• _Dataset excerpts_:
=== Section Start ===

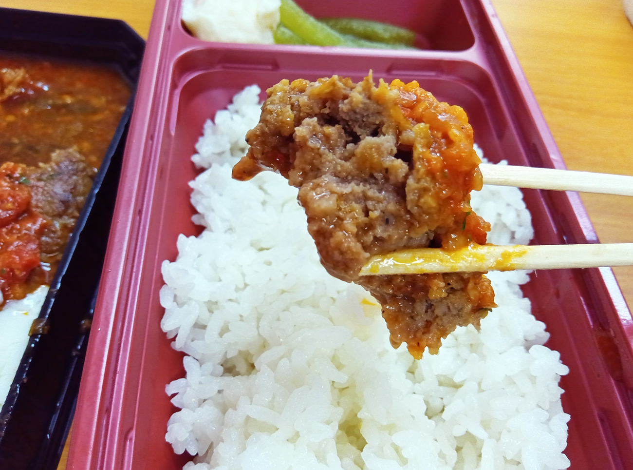 そこで待っていたところ、ちょっと意外な事態に気づいた。神戸牛牛めしももちろん人気なんだけど、それ以上に、国産黒毛和牛のうまトマハンバーグが飛ぶように売れていくのだ。
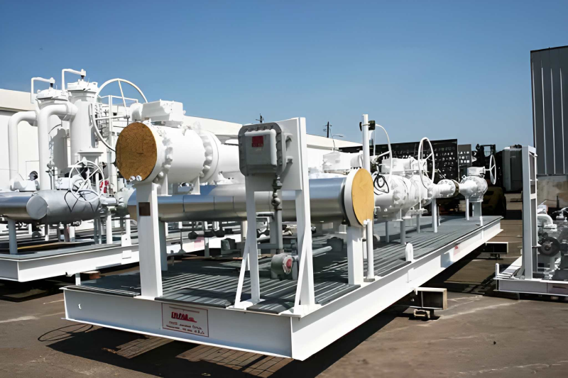 - Natural Gas Heating Skid (Water Bath Heater Skid) Heats the gas to 71ºC. Consists of Indirect Forced Draft Gas Fired Bath Heater sized for 11.7 MMBTU/Hour, North American Burner, Ignition Transformer, 10 HP Blower Motor and other accessories.
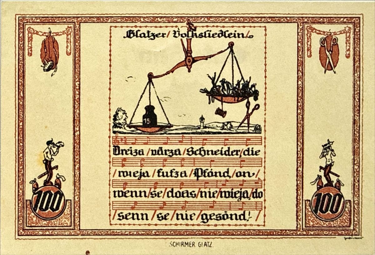 Auf der Rückseite ist jeweils ein „Glatzer Volksliedlein“ in Mundart mit Noten und passenden Motiven abgebildet.
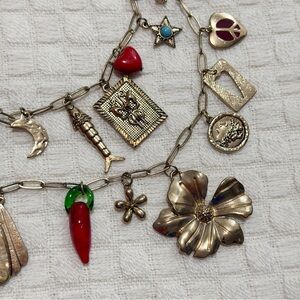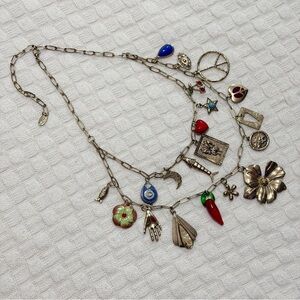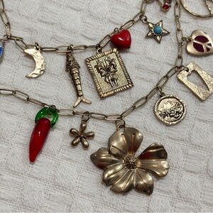 Tags: charm necklace flower power moon fish cherry evil eye red heart peace sign star and many more boho bohemian casual layering layered
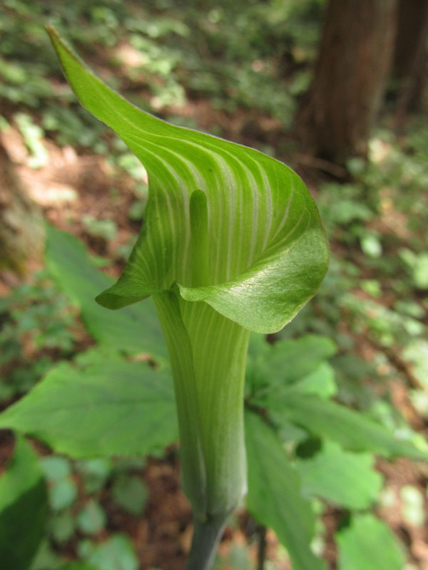 マムシグサについては、じつは枝の広げ方がおもしろいと思ってなんとかわかりやすい写真を撮りたいと思うのですが、この場合は若々しい仏炎苞がきれいでした。
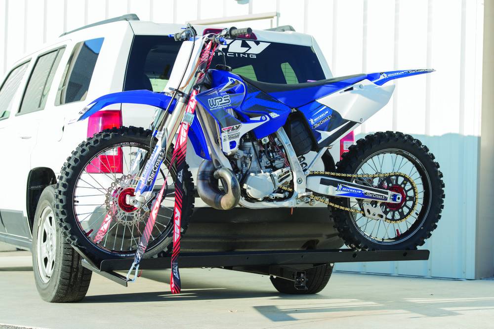 FLY RACING MOTORCYCLE CARRIER $279.95 61-5365 Brand Number: 111635 UPC: 191361161148 Weight: .75 lbs Package Dimensions: 73.00 x 7.00 x 4.00 Features: Textured, powder coated 72" channel constructed from 3/16" Steel Channel support bracket constructed from Heavy Duty 10GA steel Receiver tube & wedge constructed from 11GA structural steel tubing Threaded wedge lock hitch system virtually eliminates hitch wobble Zinc coated Grade 5 Bolts with Nylon lock nuts Reversible design allows you to load bike from the left or right Front wheel chock is adjustable to allow any size motorcycle to be centered on the carrier Punched holes in channel allow use of wheel ties to lock rear wheel down Loading ramp (included) has a locking tongue to attach to the carrier to ease in the loading and unloading, stores neatly between the wheels when not in use Rated at 400 lbs Works with any 2" class III hitch Made in the USA
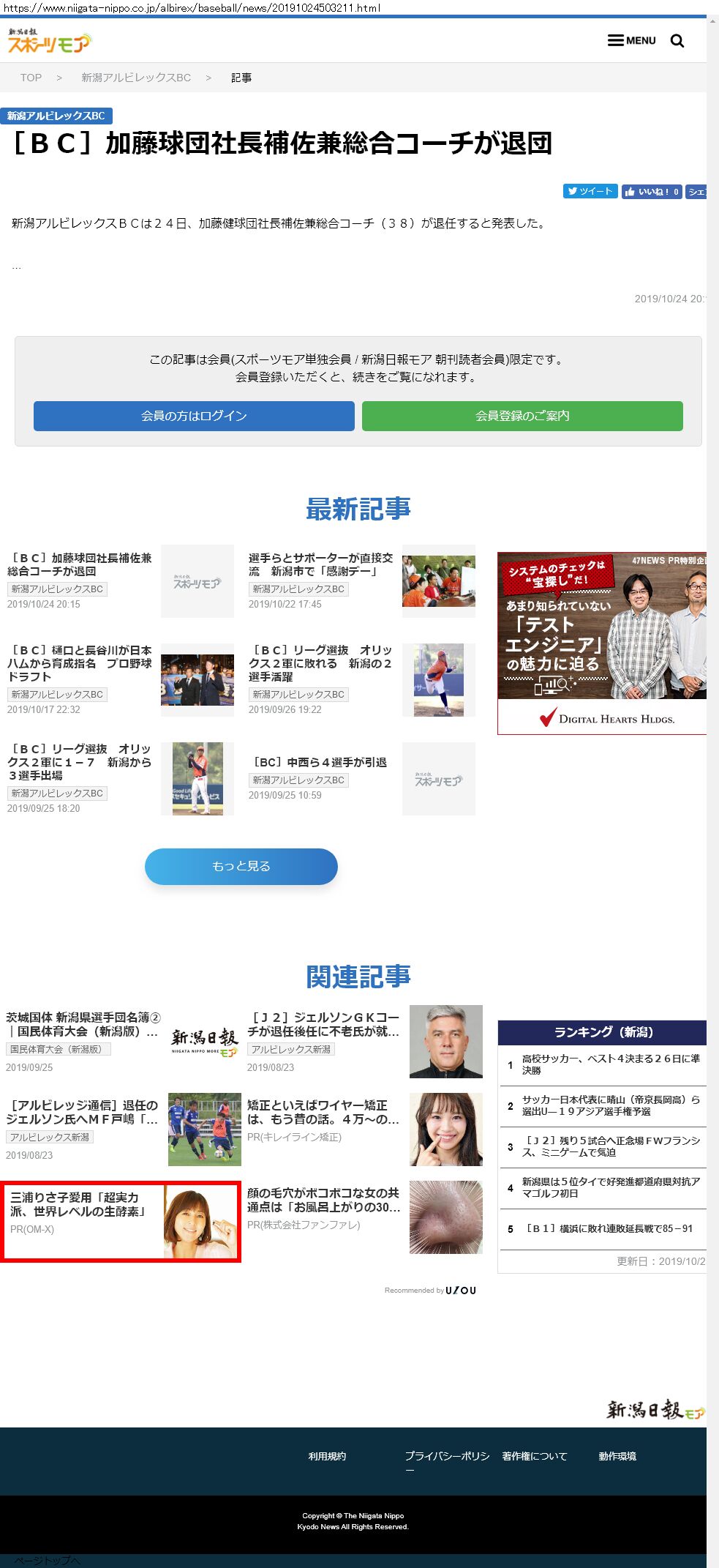 Webメディア 広告枠に赤枠付き
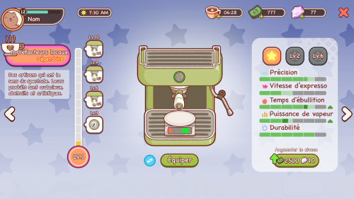 Dans ce jeu, vous vous sentirez comme un véritable expert en art du café, confectionnant des boissons selon les goûts de chaque client. Expérimentez une multitude de recettes, combinez divers ingrédients et trouvez les proportions idéales. Chaque tasse de café ne doit pas seulement étancher la soif, mais aussi laisser une impression mémorable pour que vos clients reviennent toujours.
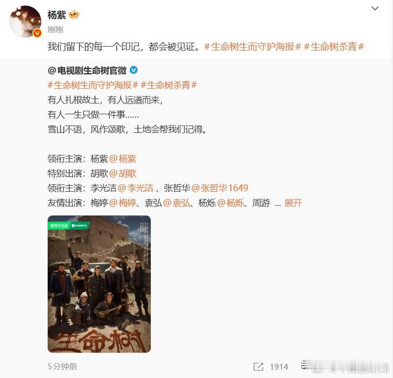 杨紫生命树杀青了 不过她高兴不了几天 因为她现在就是娱乐圈的“鸡排哥”,拍完你的,拍你的,拍完生命树拍玉兰花开君再来,场面还算控制的住。 杨紫说,我们留下的每一个印记都会被见证 最好的白菊,最好的杨紫 恭喜杨紫生命树杀青了
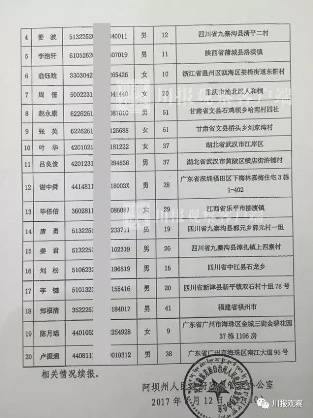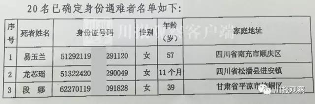 8月12日,记者从四川省政府新闻办获悉,截至8月12日16时50分,新增确认九寨沟7.0级地震遇难者身份6名。死亡的24人中,已有20人确定身份,其余4名正在核实身份,已确定遇难者身份如下:
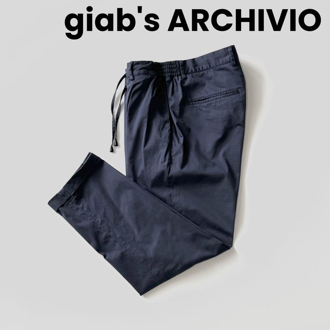 > giab's ARCHIVIO ジャブスアルキヴィオ マサッチョ ガーメントダイ コットン パンツ 46 ネイビー 紺 ジャブス ストレッチ 1プリーツ 正規
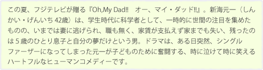 カーテンファクトリーはフジテレビドラマ「Oh,My,Dad!!」に美術協力しています。

=== Section End ===

• _Problem requirements_: Can the lines from the start of the records through the line with "Auf der Rückseite" be given again exactly, with the pictures left out?

• _Response box_:
 そこで待っていたところ、ちょっと意外な事態に気づいた。神戸牛牛めしももちろん人気なんだけど、それ以上に、国産黒毛和牛のうまトマハンバーグが飛ぶように売れていくのだ。
 - Natural Gas Heating Skid (Water Bath Heater Skid) Heats the gas to 71ºC. Consists of Indirect Forced Draft Gas Fired Bath Heater sized for 11.7 MMBTU/Hour, North American Burner, Ignition Transformer, 10 HP Blower Motor and other accessories.
 Auf der Rückseite ist jeweils ein „Glatzer Volksliedlein“ in Mundart mit Noten und passenden Motiven abgebildet.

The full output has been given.